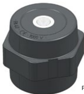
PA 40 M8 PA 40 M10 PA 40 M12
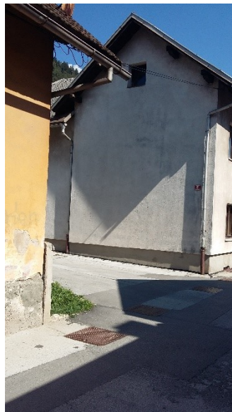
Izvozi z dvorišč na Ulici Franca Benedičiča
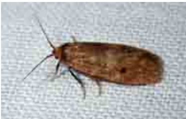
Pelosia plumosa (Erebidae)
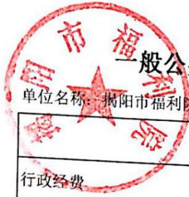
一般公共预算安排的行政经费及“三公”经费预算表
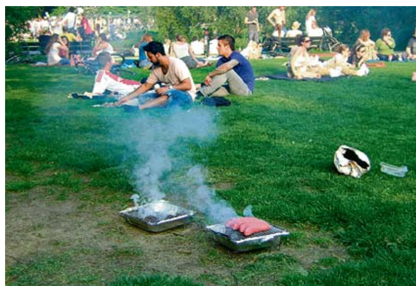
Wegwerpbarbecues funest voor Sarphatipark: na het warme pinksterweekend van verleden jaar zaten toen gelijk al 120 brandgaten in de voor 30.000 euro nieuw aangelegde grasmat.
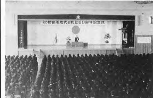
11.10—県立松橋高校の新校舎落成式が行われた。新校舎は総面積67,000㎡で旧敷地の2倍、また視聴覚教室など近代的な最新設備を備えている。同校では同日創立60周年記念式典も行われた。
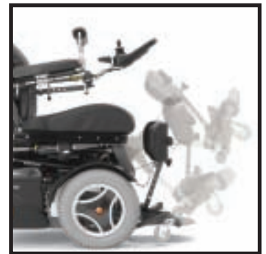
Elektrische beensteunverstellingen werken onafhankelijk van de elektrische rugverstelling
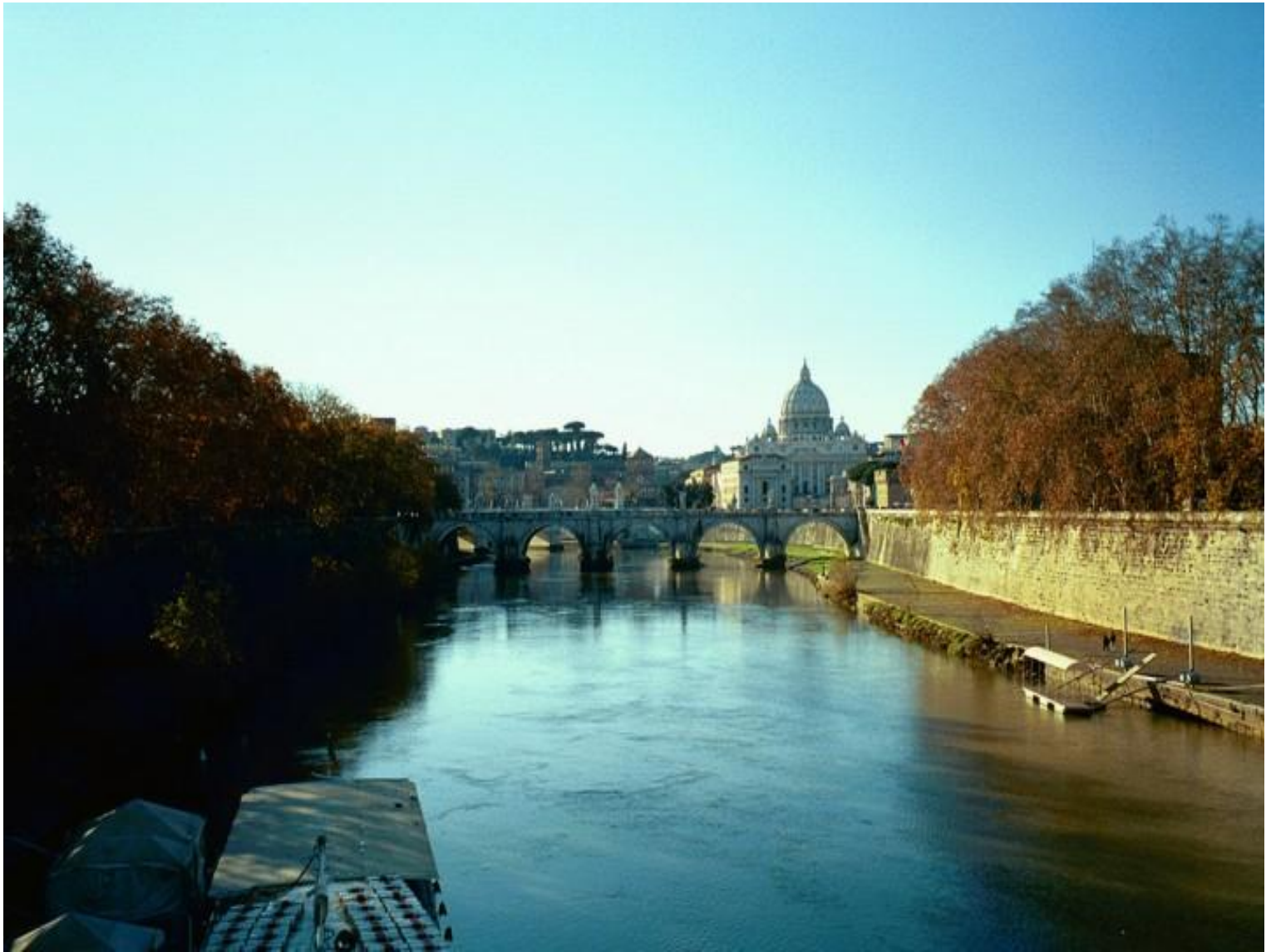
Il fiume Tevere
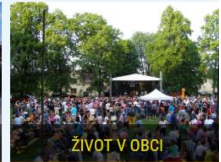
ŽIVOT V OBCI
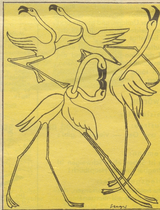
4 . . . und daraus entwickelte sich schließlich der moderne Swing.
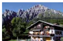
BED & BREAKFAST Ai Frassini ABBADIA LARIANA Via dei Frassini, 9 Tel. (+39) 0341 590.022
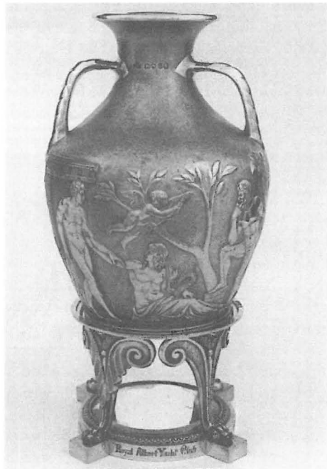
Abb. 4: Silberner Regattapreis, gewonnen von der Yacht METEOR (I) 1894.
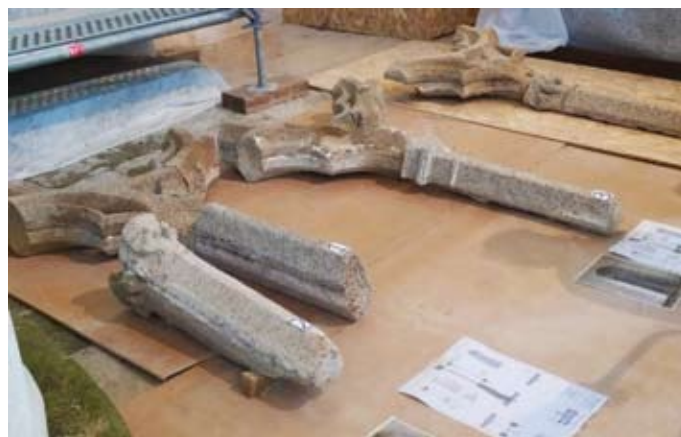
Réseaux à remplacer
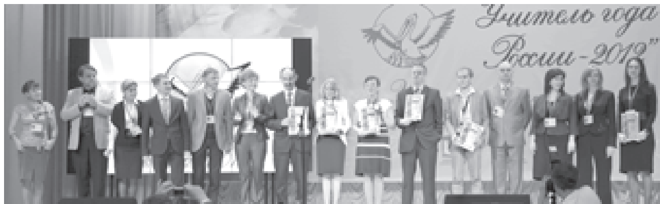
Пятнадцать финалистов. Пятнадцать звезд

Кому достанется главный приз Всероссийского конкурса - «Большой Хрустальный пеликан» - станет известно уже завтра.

┄┄┄┄┄┄

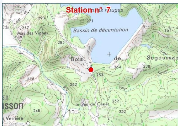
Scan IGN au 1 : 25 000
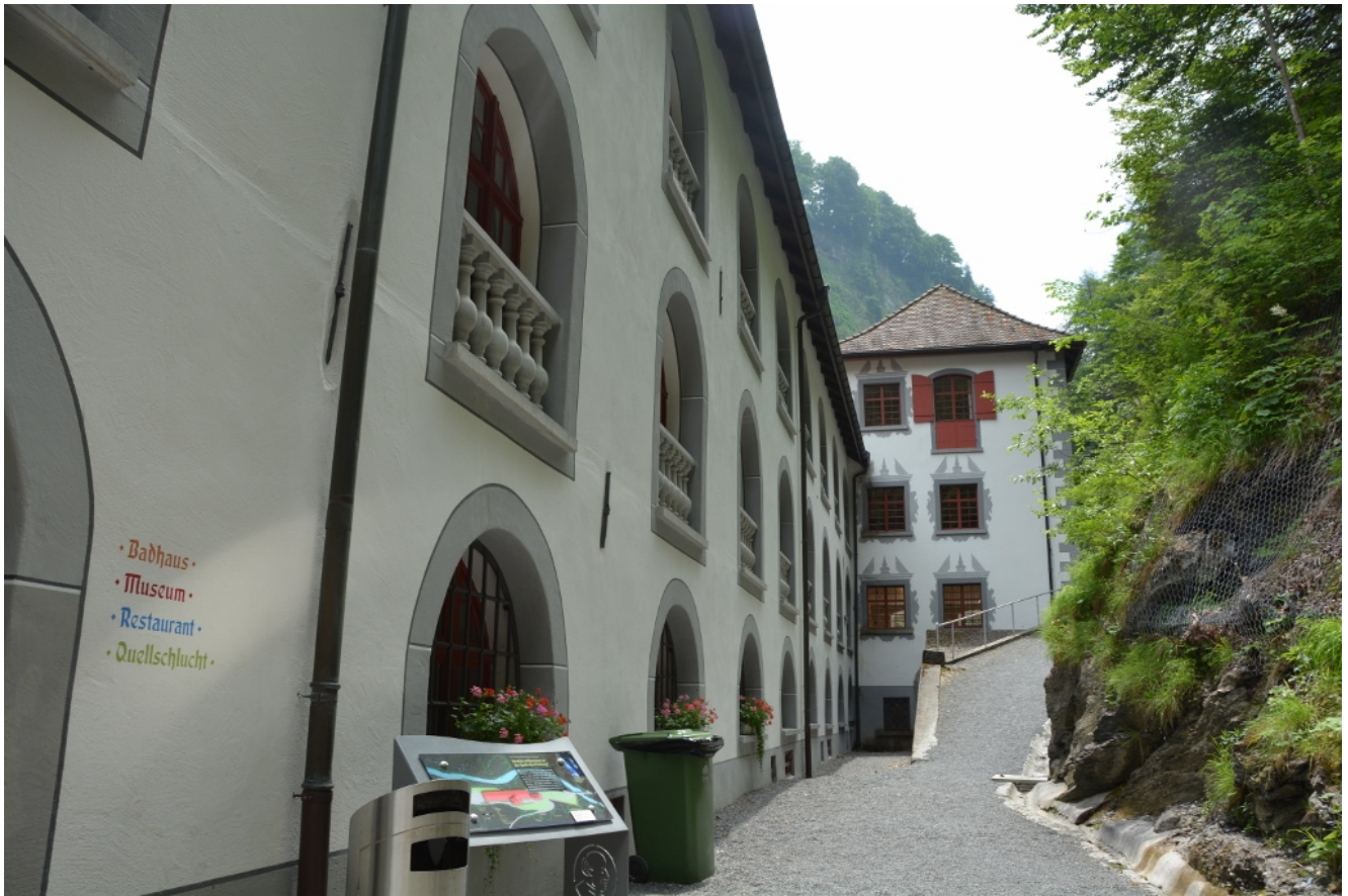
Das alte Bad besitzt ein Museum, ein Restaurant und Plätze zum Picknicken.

┄┄┄┄┄┄

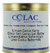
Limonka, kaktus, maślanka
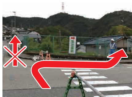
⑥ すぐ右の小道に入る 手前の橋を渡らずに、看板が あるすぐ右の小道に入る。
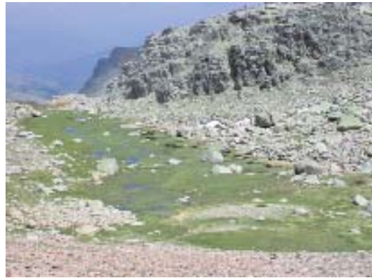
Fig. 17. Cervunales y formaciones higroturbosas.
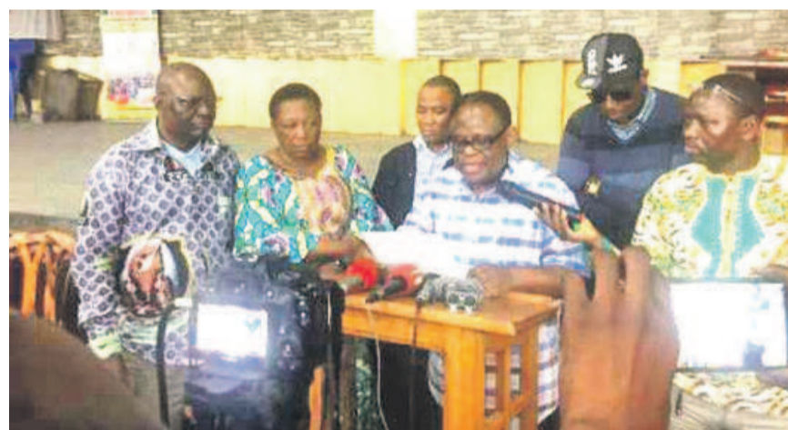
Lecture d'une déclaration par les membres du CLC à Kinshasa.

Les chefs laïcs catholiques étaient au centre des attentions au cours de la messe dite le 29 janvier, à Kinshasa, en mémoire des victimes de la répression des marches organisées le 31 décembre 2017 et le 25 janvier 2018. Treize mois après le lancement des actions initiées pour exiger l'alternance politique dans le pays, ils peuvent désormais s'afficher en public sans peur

┄┄┄┄┄┄

→ **Your instructions**:
Retype the lines above exactly as they appear, from the line containing "BED & BREAKFAST" through the line containing "Пятнадцать финалистов. Пятнадцать звезд", and leave out any pictures.

→ **Problem solution**:
BED & BREAKFAST Ai Frassini ABBADIA LARIANA Via dei Frassini, 9 Tel. (+39) 0341 590.022
Abb. 4: Silberner Regattapreis, gewonnen von der Yacht METEOR (I) 1894.
Réseaux à remplacer
Пятнадцать финалистов. Пятнадцать звезд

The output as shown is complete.